The above restatements impacted net debt and EBITDA which had an
impact on headline financial leverage and interest cover covenant
calculations, but the Group remained within covenant requirements
for all relevant periods. The overall impact on the restatements
was to increase net debt by GBP24.2m to GBP217.0m at 30 June 2017
and by GBP34.9m to GBP258.7m at 31 December 2017. Additional
interest payable as a result of the restatements has been accrued
for in the relevant periods in this Interim Report (GBP0.2m for the
six months ended 30 June 2017 and GBP0.4m for the year ended 31
December 2017).
Going Concern
The Directors have considered the Group's forecasts which
support the view that the Group will be able to continue to operate
within its banking facilities and comply with its banking
covenants. Through its various business activities the Group is
exposed to a number of risks and uncertainties (see Note 15), which
could affect the Group's ability to meet these forecasts and hence
its ability to meet its banking covenants. The Directors have
considered the challenging trading conditions, the current
competitive environment and markets in which the Group's businesses
operate and associated credit risks, together with the available
ongoing committed finance facilities and the potential actions that
can be taken, should revenues be worse than expected, to protect
operating profits and cash flows. After making enquiries, the
Directors have formed a judgement that there is a reasonable
expectation that the Group has adequate resources to continue in
operational existence for the foreseeable future. For this reason,
the going concern basis has been adopted in preparing this Interim
Report.
New standards, interpretations and amendments adopted by the
Group
The Group applies for the first time the following two new
standards which became effective as of 1 January 2018:
-- IFRS 15 "Revenue from contracts with customers"
-- IFRS 9 "Financial instruments"
The nature and effect of these standards are disclosed
below.
IFRS 15 "Revenue from contracts with customers"
The Group has adopted IFRS 15 using the modified retrospective
method approach and therefore the 2017 comparative information has
not been restated and the opening equity at 1 January 2018 is
adjusted for the cumulative effect of applying IFRS 15 at that
date. The comparative information continues to be reported under
IAS 18 and IAS 11. The details of the significant changes and
quantitative impact of the changes are set out below.
IFRS 15 applies to all revenue arising from contracts with
customers, unless those contracts are in the scope of other
standards. The new standard establishes a five-step model to
account for revenue arising from contracts with customers. Revenue
is measured based
Notes to the Condensed Interim Financial Statements
(continued)
1. Basis of preparation of Condensed Interim Financial Statements (continued)

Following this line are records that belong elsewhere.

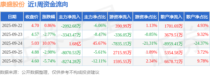 资金流向数据方面,本周康盛股份主力资金合计净流出4986.4万元,游资资金合计净流出3468.7万元,散户资金合计净流入8455.1万元。本周资金流向一览见下表: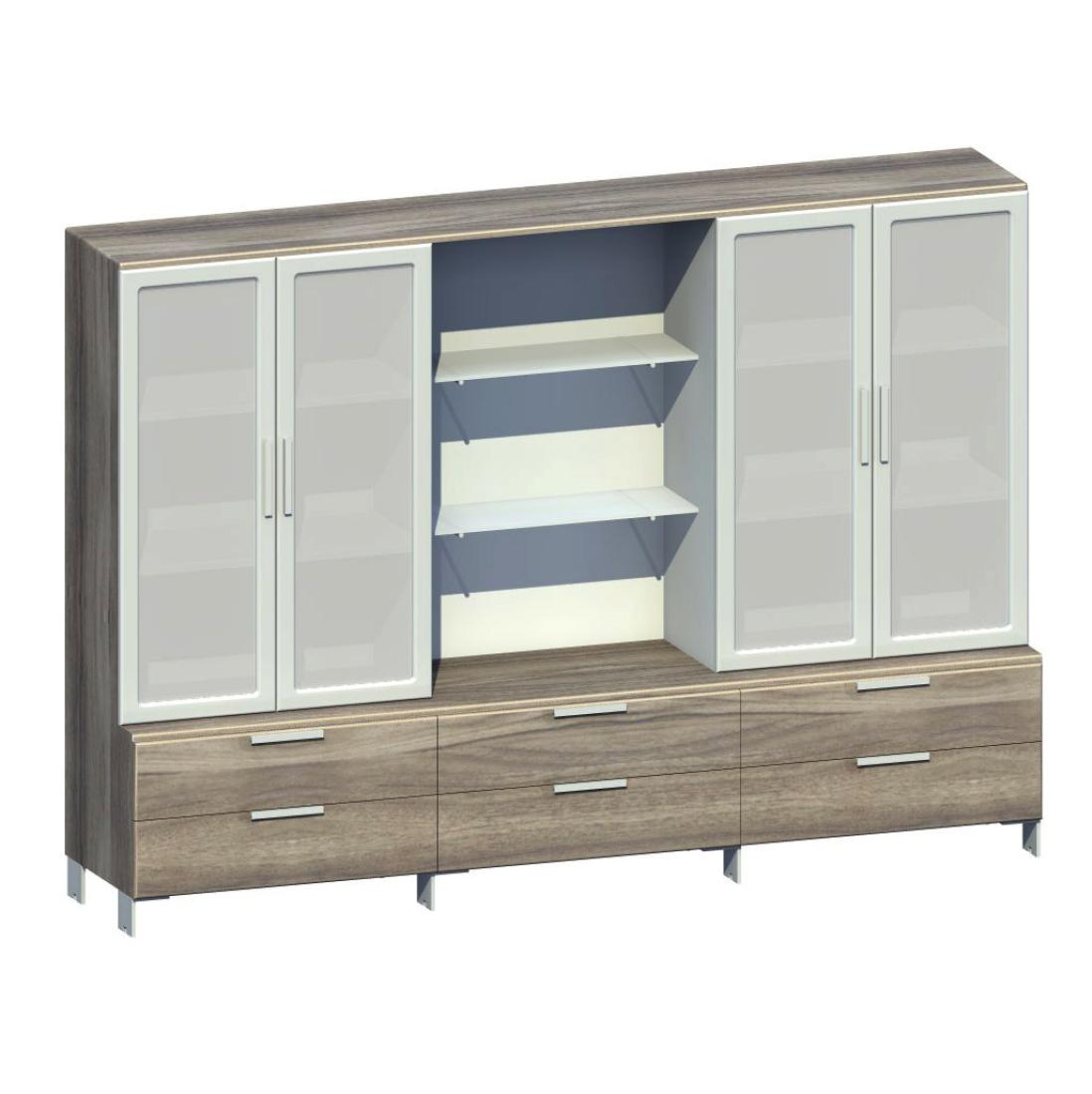 Шкафную группу можно поделить на 2 части - тумбу с ящиками и надстройку.
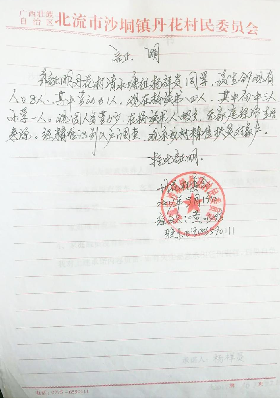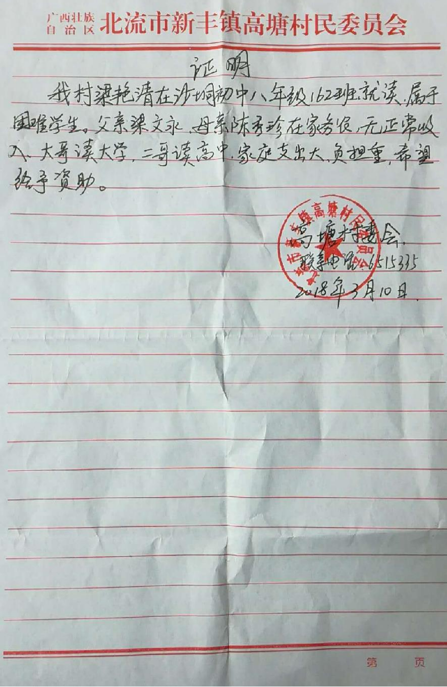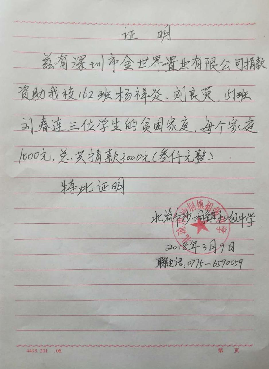 北流市沙垌镇初级中学-贫困学生及贫困家庭的捐款(附村委会证明及学生感谢信)【人民币6000元】 |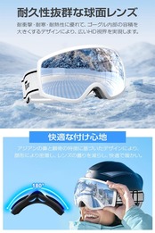 【眼鏡対応・ヘルメット対応】このスキーゴーグルは内部容積を大きく設計されており、裏側のスポンジにメガネの掛け部があり、違和感なく装着可能です。幅 16cm× 高 7cm 以内のメガネに対応し、近視の方にも配慮されています。さらに、2 つのアジャスターと高弾性ベルトを使って、約 45cm から 80cm の周囲に対応しています。ヘルメットとも簡単に着用できます。ベルトは滑り止めデザインなので、ゴーグルのズレや落としを心配する必要はありません。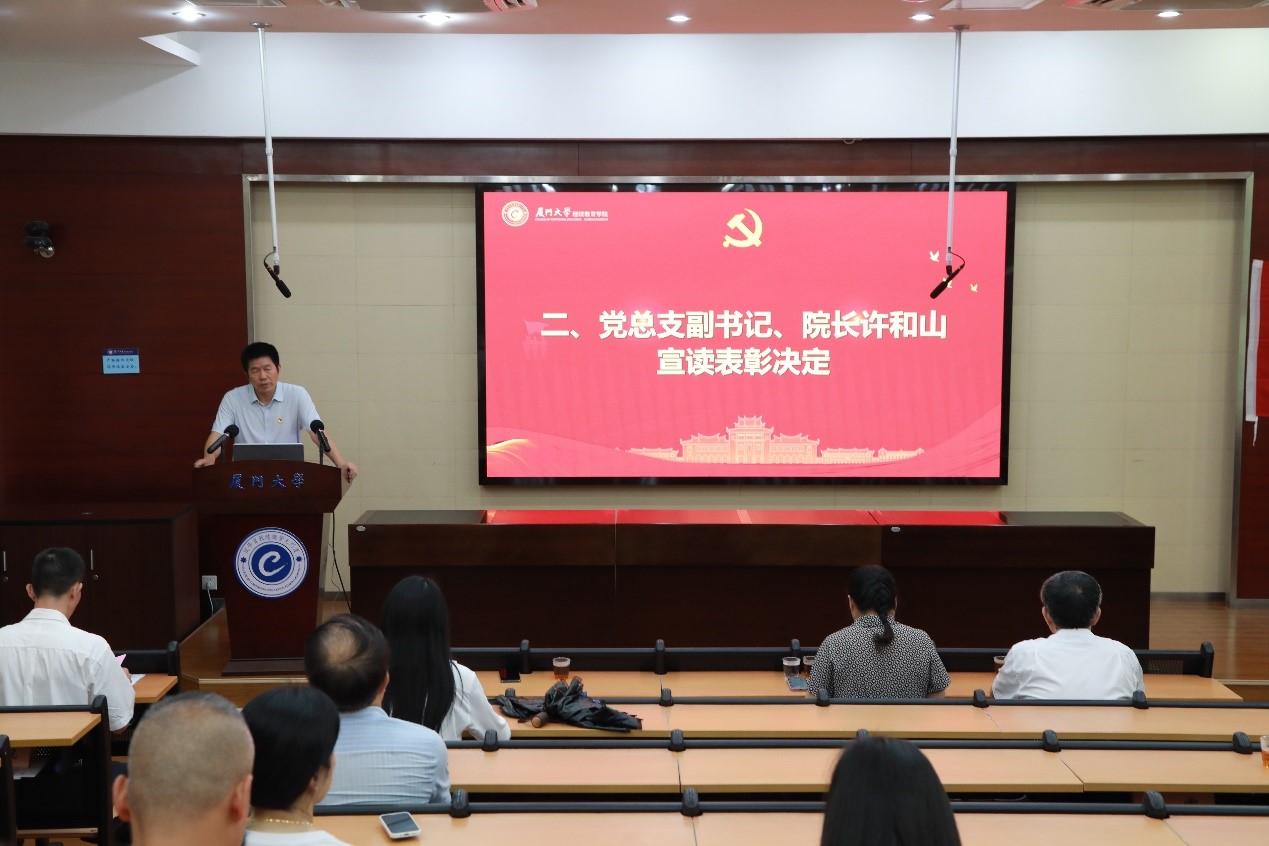 学院党总支副书记、学院院长许和山首先宣读表彰决定。经学院各党支部评选推荐、党总支研究,孙锦水、李舟洁等2位同志获优秀共产党员表彰,李金水、庄耿聪等2位同志获优秀党务工作者表彰。学院党总支书记吴国瑛、院长许和山为获表彰同志颁发荣誉证书。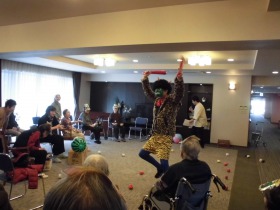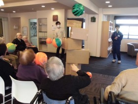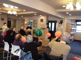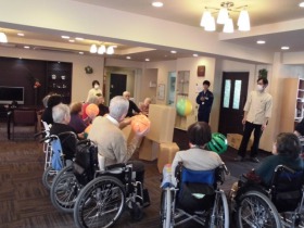 ”豆”の代わりの新聞で丸めた”玉”や、ビーチボール等々、皆さん必死に投込みます。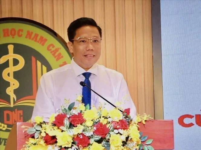 Tiến sĩ, Bác sĩ Nguyễn Tri Thức, Giám đốc Bệnh viện Chợ Rẫy thành phố Hồ Chí Minh phát biểu tại sự kiện.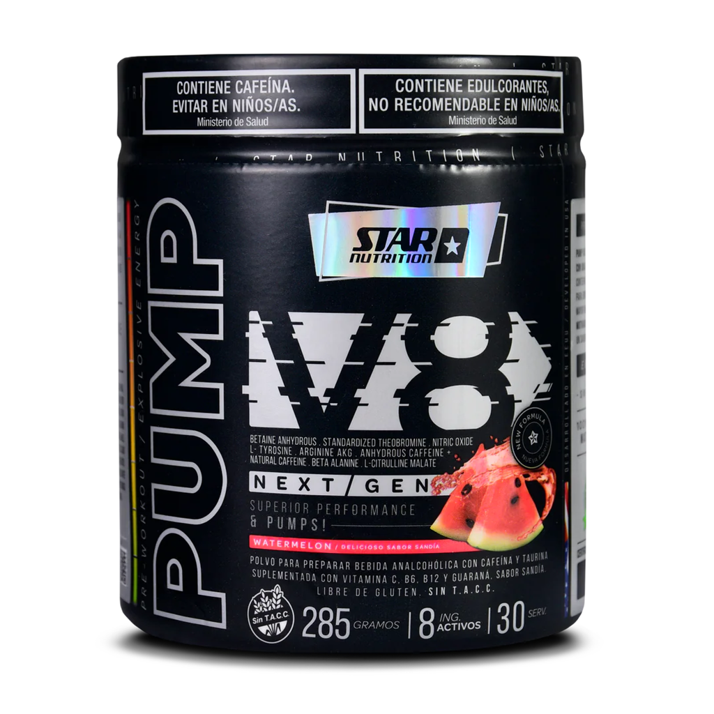 Pump V8 es un suplemento pre-entrenamiento con 8 ingredientes activos clave para lograr sesiones más intensas, duraderas y con mayor volumen muscular. Brinda energía, motivación y potencia gracias a sus vasodilatadores, cafeína, guaraná y vitaminas esenciales.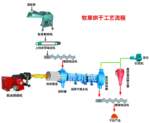 牧草烘干機生產線適用于大型牧草生產企業在牧草集中收獲季節對鮮牧草進行快速連續化烘干作業。隨著畜牧生產和加工業的發展,對牧草的社會需求數量和品質要求 也不斷提高,促使牧草烘干機得到迅速發展。長期以來,我國的牧草產品加工一直采用傳統的自然 曬干的方法, 這種方法往往受到天氣條件的制約, 浪費嚴重, 加工時間長等諸多不足。東鼎機械開發的牧草烘干機生產線采用高溫快速烘干技術,使牧草在烘干機中迅速完成傳熱傳質的干燥過程,較好地保持了鮮牧 草的營養成分,干燥后牧草氣味芳香,色澤深綠,適宜儲藏和運輸。 該牧草烘干機可以采用燃煤(重油、燃氣),通過高溫爐產生強大的干熱風,使物料在烘干筒中與熱風直接接觸,呈螺旋狀按曲線前進來達到烘干的目的,系統采用 溫控調速系統,原料鍘切到成品入庫一條龍生產。
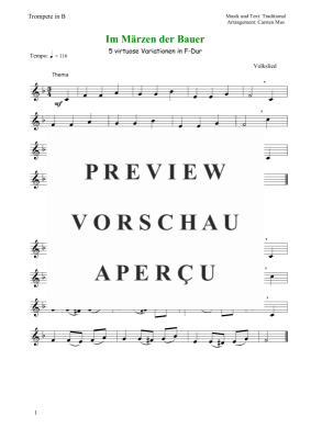 Das Lied "Im Märzen der Bauer" ist ein Volkslied. Es gehört zur traditionellen deutschen Volksmusik und beschreibt die landwirtschaftlichen Tätigkeiten im Frühling. Mit 5 virtuosen Variationen mit verschiedenen Bindungen, Einfach-Zungenstoß und Doppel und Triolenzunge. Geeignet für B-Trompete, Flügelhorn, Kornett, Bariton und Tenorhorn. Für Anfänger und Fortgeschritte als Übungs oder Vortragsstück bestens geeignet. Mit Tempoangabe, Lautstärkezeichen und Atemzeichen in F-Dur.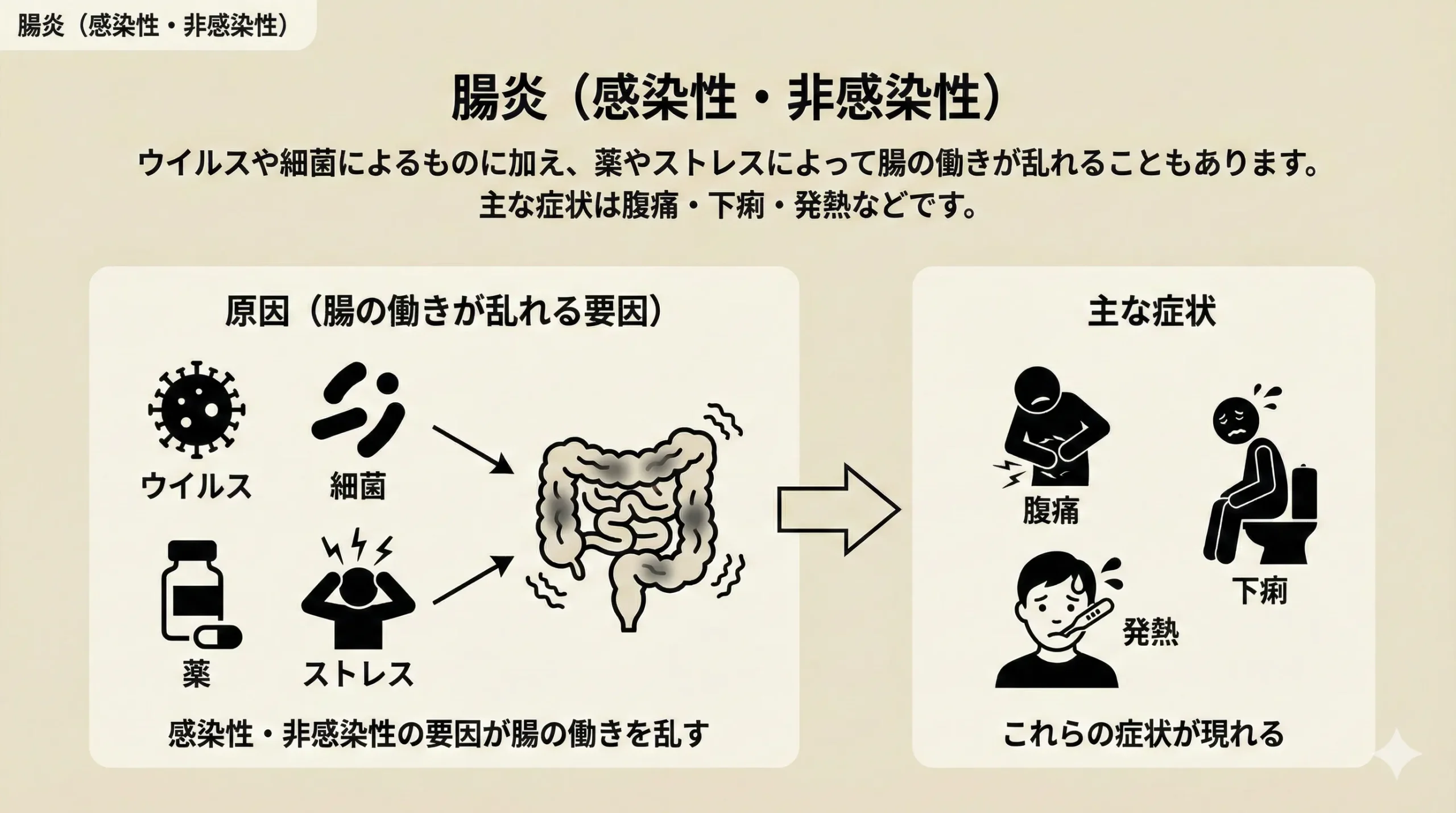 ウイルスや細菌によるものに加え、薬やストレスによって腸の働きが乱れることもあります。主な症状は腹痛・下痢・発熱などです。

on the consideration specified in a contract with a customer and
excludes amounts collected on behalf of third parties. The Group
recognises revenue when it transfers control over a product or
service to a customer.
In the comparative period, revenue was measured at the fair
value of the consideration received or receivable for goods or
services, net of discounts and customer rebates, VAT and other
sales-related taxes. Revenue from the sale of goods was recognised
on receipt of goods by the customer. Customer rebates were
accounted for as a separate component of the sales transaction,
with a portion of the fair value of the consideration allocated to
customer rebates and recognised in the period as earned. Revenue
generated from a contract to provide services was recognised by
reference to the stage of completion of the specific transaction
and assessed on the basis of the actual service provided as a
proportion of the total services to be provided. Revenue from
construction contracts was recognised by reference to the stage of
completion of the contract activity at the reporting date. Stage of
completion was normally measured by the proportion of contract
costs incurred for work performed to date compared to the estimated
total contract costs, except where this would not be representative
of the stage of completion.
The cumulative catch-up adjustment to the opening balance of
retained losses as at 1 January 2018 is shown in the Statement of
Changes in Equity for the six months ended 30 June 2018 and
resulted in an increase in opening retained losses at 1 January
2018 of GBP0.7m. The Group elected to apply the cumulative catch-up
method only to contracts that were not completed at 1 January
2018.
The details of the significant changes and quantitative impact
of the changes are set out below.
a) Sale of goods
The majority of the Group's revenue arises from contracts with
customers for the sale of goods, with one performance obligation.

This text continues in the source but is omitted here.